Мы вышли на балкон. Было прохладно. Она кутается в мой халат, который прихватила у двери. Я улыбнулся, не стал возражать.
— Я часто думал, что в детстве мы с братьями были как один человек, — говорю, глядя вдаль. — Типа, трое — но с одним сердцем. А потом все разошлись по углам, и всё стало... не тем.
— Скучаешь по детству?
— Я скучаю по тому, какие мы были. Сейчас мы... другие. Каждый со своим дерьмом. Каждый делает вид, что знает, что делает. Но не знает ни хрена.
Она не ответила. Просто посмотрела на меня. Тихо. Серьёзно. Долго.
Этот взгляд, чёрт побери, будто прожёг меня изнутри.
Мне захотелось сказать ей что-то важное. Или хотя бы подвинуться ближе. Коснуться руки. Сделать хоть что-то, чтобы не потерять эту странную нить, которая возникла между нами.
И вот в этот момент — конечно же, в этот — раздался стук в дверь.
Я поморщился.
— Не открывай, — сказала Эмма. — Это, скорее всего, Мэтт. За печеньем небось пришёл.
Но я всё равно пошёл. Открыл.
И, конечно, стояла она.
Блондинка.
Та самая, липнущая, как банный лист к заднице.
На этот раз — с пирогом. Пирог, Карл.
— Привет, Крис, — выдохнула она слишком сладким голосом. — Я подумала... вдруг ты голодный. И кстати, ты идёшь на вечеринку старшаков? Там будет весело.
Я услышал, как Эмма кашлянула где-то у меня за спиной.
И сразу понял: теперь дело пахнет дерьмом.
— ...ну ты в любом случае приходи, — мурлычет блондинка, глядя на меня снизу вверх, — будет весело. Очень весело.
И тут она делает это.
Тот самый дурацкий, притворно случайный жест — язык в щёку.
Улыбка, как у плохой актрисы в дешёвом фильме, где соблазнение — главный сюжет.
Я едва заметно морщусь.
Боже.
Это было настолько очевидно, что у меня даже щёки свело от неловкости.
— Знаешь, пирог — классная идея, — выдавливаю я, сбрасывая тему. — Спасибо, но...
Не успеваю договорить.
Она уже прошла мимо меня вглубь комнаты.

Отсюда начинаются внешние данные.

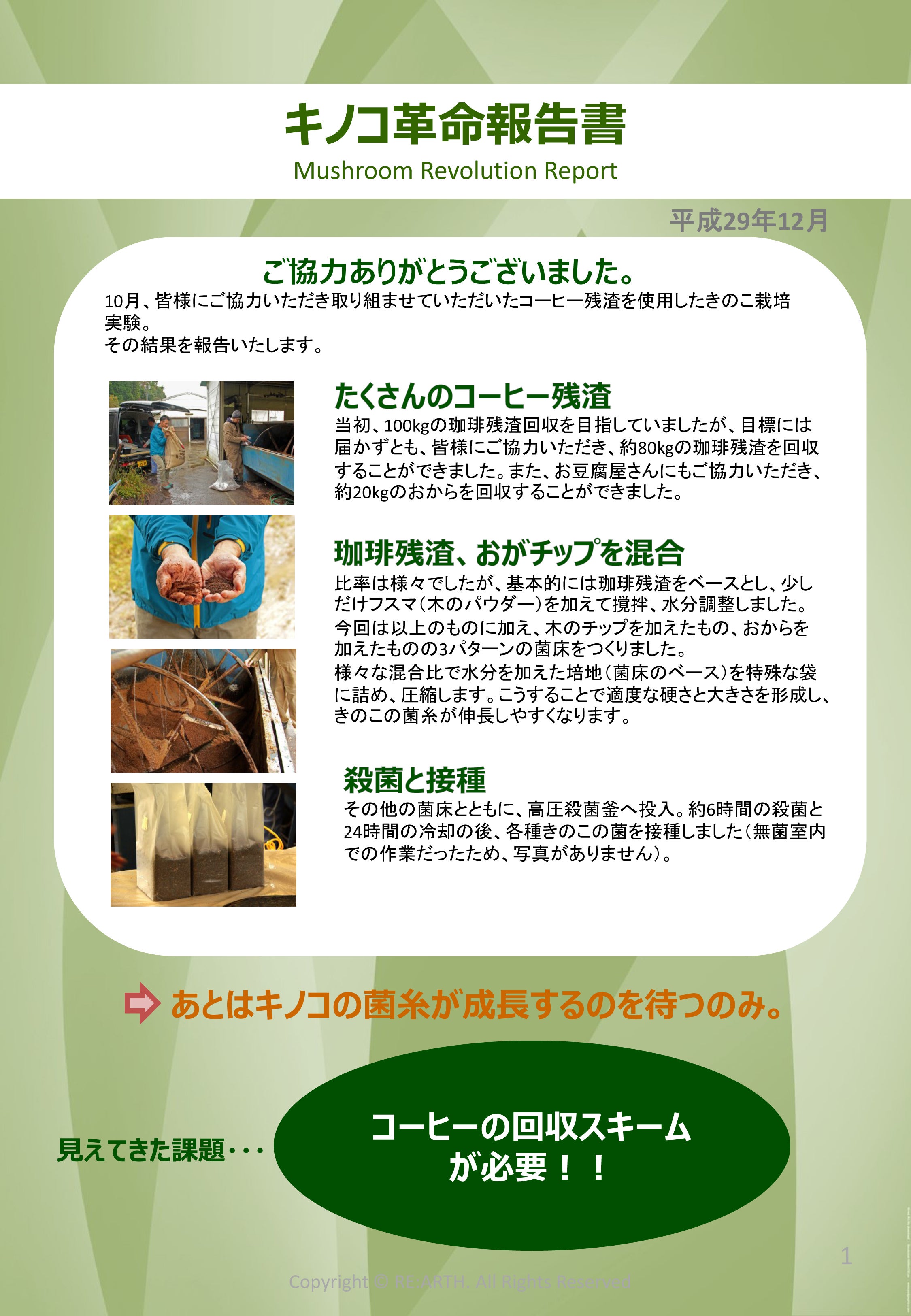 日本に帰国後、コーヒー残渣を使用したキノコ栽培の実験をスタート。

Без приглашения.
Ставит свою выпечку на стол с видом победительницы, будто это была последняя стадия ритуала ухаживания.
— Эмма, — говорит она, как будто ей пятьдесят и она хозяйка дома. — Принеси нож. Нужно порезать пирог. Он ещё тёплый.
Я поворачиваюсь к Эмме.
Она стоит, спиной ко всей этой сцене, и я вижу, как она напряглась.
Плечи — как струны.
И я знаю — она сейчас не просто зла.
Она взбешена.
— Эм, не надо, — бросаю быстро, перехватывая нож сам. — Я сам всё сделаю.
Нарезаю пирог — на отвали, будто это картошка в армейке.

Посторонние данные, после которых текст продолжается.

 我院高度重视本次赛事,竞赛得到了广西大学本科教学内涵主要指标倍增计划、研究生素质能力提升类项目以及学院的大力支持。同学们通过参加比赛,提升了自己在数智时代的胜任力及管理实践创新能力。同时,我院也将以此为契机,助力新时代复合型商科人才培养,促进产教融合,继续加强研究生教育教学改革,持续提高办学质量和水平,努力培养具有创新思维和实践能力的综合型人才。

А потом поворачиваюсь к блондиночке и говорю:
— Слушай, спасибо, правда. Но я, наверное, не буду сегодня есть сладкое. У меня ещё башка гудит после вчерашнего.

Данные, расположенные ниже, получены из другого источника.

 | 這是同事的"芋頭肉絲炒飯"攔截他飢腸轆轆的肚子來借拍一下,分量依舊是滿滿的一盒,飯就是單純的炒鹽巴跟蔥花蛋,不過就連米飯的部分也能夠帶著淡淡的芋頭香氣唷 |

Эмма, кстати, тоже неважно себя чувствует. Она только с кровати поднялась.
Смотрю на неё многозначительно.
Та подыгрывает, не говоря ни слова.
— Так что... — я делаю шаг в сторону двери. — Может, возьмёшь кусочек с собой? Порадуешь кого-нибудь другого?
Улыбаюсь.
Максимально вежливо.
Максимально понятно.
Она моргает, не сразу догоняя, что её только что мягко выставили.
Потом дёргает плечиком, хватает салфетку и заворачивает себе кусок.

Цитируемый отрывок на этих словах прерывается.